Figure 3. Intraoral photograph during orthodontic treatment.
(A) After four months of treatment, (B) crown discoloration of maxillary right central incisors after eight months of treatment, (C) preoperative radiograph of the maxillary right central incisor revealing a periapical radiolucency with widening periodontal ligaments, and (D) postoperative radiograph after root canal treatment of maxillary right central incisor.
Internal bleaching with Whiteness Super-endo (37% Opalescence Endo; South Jordan, UT: Ultradent) was applied to the tooth three months later to whiten the tooth discoloration. In order to rebuild the pulp chamber, photopolymerized composite resin was used (Figures 4A-4C).
Figure 4. Follow-up photographs and radiographs after treatment.
The images show (A) treated tooth after internal bleaching, (B) treated tooth after one year of internal bleaching without any relapse, and (C) radiograph of treated tooth after one year following up without any signs of internal resorption or any radiolucency.
Orthodontic treatment was resumed after bleaching. The subject underwent clinical and radiographic examinations at intervals of one month, three months, six months, and one year following treatment. The clinical and radiographic evaluations were carried out by a dentist who was also treating the patients at the time of the visit. After two years of follow-up, clinical and radiographical assessment of tooth #11 revealed that there had been no color regression and that the tooth was asymptomatic and free of periodontal issues (Figure 5).
Figure 5. Two years follow-up after treatment of tooth #11.
Discussion
Previous trauma could be the reason for necrotic pulp and internal resorption [24,25]. The application of excessive, uncontrolled force by the orthodontist is another likely factor [26]. Clinical examination in the current case revealed that tooth #11 was healthy and unrestored, making them important before treatment. Moreover, the patient denied having ever experienced dental trauma.

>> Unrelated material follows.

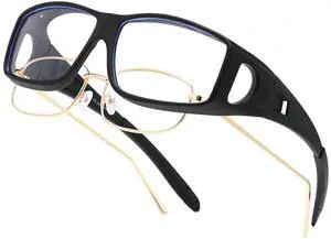 PUBOWT Fit Over Blue Light Blocking Computer Reader for Women Men Anti-Blue Light Filter Wrap Around Eyeglasses (Black)
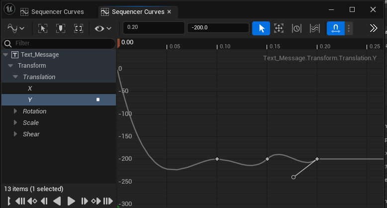 y축은 천천히 리니어하게 0.25초간 위로 200만큼 이동하도록

Orthodontic iatrogenic factors may have a major negative effect on oral health. These factors include impact on oral hygiene, risk of tooth decay, periodontal disease, inflammation, cellular and molecular alterations in the dental pulp, and root resorption. Root resorption occurs often during orthodontic tooth movement, and probable causes include both inherited and environmental factors [16,27-29]. After 10 months of therapy, in this case, the right central maxillary incisor showed minor internal resorption. Orthodontic forces have been demonstrated to result in cellular damage, inflammatory changes, and circulatory disruptions in the tooth pulp in addition to mechanical damage and inflammatory reactions in the periodontium [29,30]. Küçükkeleş and Okar reported that when teeth were exposed to intrusive force, the inner root surface of the pulp generated internal resorption [31]. Root resorption could also occur if the duration of orthodontic treatment exceeds 30 months [32]. However, the patient was in the leveling and alignment stage at that time, and no direct intrusive force was applied to the tooth. The necrotic pulp and root resorption most likely occurred after the treatment began. Unfortunately, no diagnostic radiograph was taken throughout the treatment. A follow-up radiography check could have detected the problem early [32]. These findings emphasize the necessity of regular patient monitoring during orthodontic treatment as a means of detecting and treating any complications at an early stage.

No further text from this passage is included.